Static Cold Storage and Machine Perfusion: Redefining the Role of Preservation and Perfusate Solutions

Abstract

Static cold storage (SCS) remains the most widely used method of liver graft preservation due to its simplicity, accessibility, and reduced cost in transplantation practice. Since the invention of the University of Wisconsin (UW) solution, several alternative preservation solutions—including histidine–tryptophan–ketoglutarate (HTK), Celsior, and more recently IGL-1 and IGL-2—have been formulated to optimize cellular and vascular protection during cold ischemia. More recently, the introduction of dynamic perfusion techniques, such as hypothermic oxygenated perfusion (HOPE) and normothermic machine perfusion (NMP), approximately fifteen years ago, has further enhanced transplantation protocols, being applied either alone or in combination with traditional SCS to ensure optimal graft preservation prior to implantation. Despite these technological advances, achieving fully effective dynamic perfusion remains a key challenge for improving outcomes in vulnerable grafts, particularly steatotic or marginal livers.

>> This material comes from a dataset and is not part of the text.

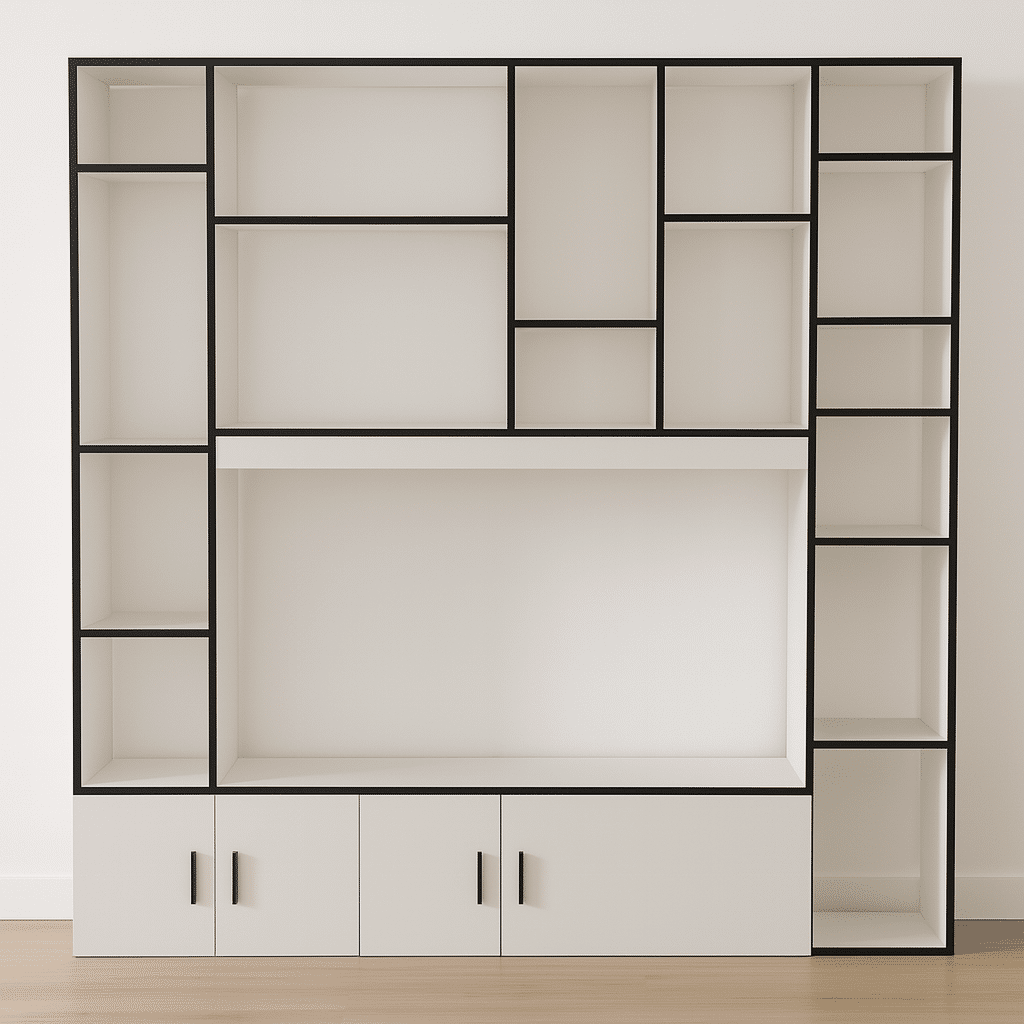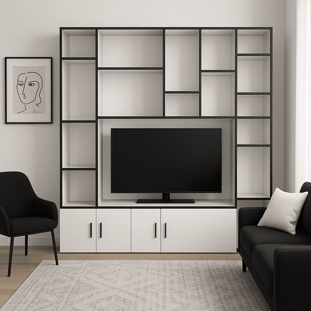 Apportez une touche graphique et contemporaine à votre salon avec ce meuble TV sur mesure blanc et noir signé Tikimob. L’alliance du blanc éclatant et du noir profond crée un contraste moderne, idéal pour structurer visuellement votre espace. Entièrement personnalisable, ce meuble s’adapte à vos besoins en matière de rangement tout en offrant un design résolument épuré et équilibré.

This review details how Polyethylene Glycol 35 (PEG35)-based solutions activate multiple cytoprotective pathways during SCS, including AMP-activated protein kinase (AMPK), nitric oxide (NO) production, and the antioxidant transcription factor Nrf2. We propose that these molecular mechanisms serve as a form of preconditioning that is synergistically leveraged by HOPE to preserve mitochondrial function, endothelial glycocalyx integrity, and microvascular homeostasis. Furthermore, the oncotic and rheological properties of PEG35 reduce perfusate viscosity, mitigating shear stress and microcirculatory damage during dynamic perfusion—effects that are further enhanced by NO- and AMPK-mediated protection initiated during the SCS phase. This integrated approach provides a strong rationale for combining PEG35-mediated SCS with HOPE, particularly for grafts with high susceptibility to ischemia–reperfusion injury, such as fatty livers. Finally, we highlight emerging avenues in graft preservation, including the design of unified perfusion solutions that optimize endothelial, mitochondrial, and redox protection, with the potential to improve post-transplant outcomes and extend applicability to other solid organ grafts.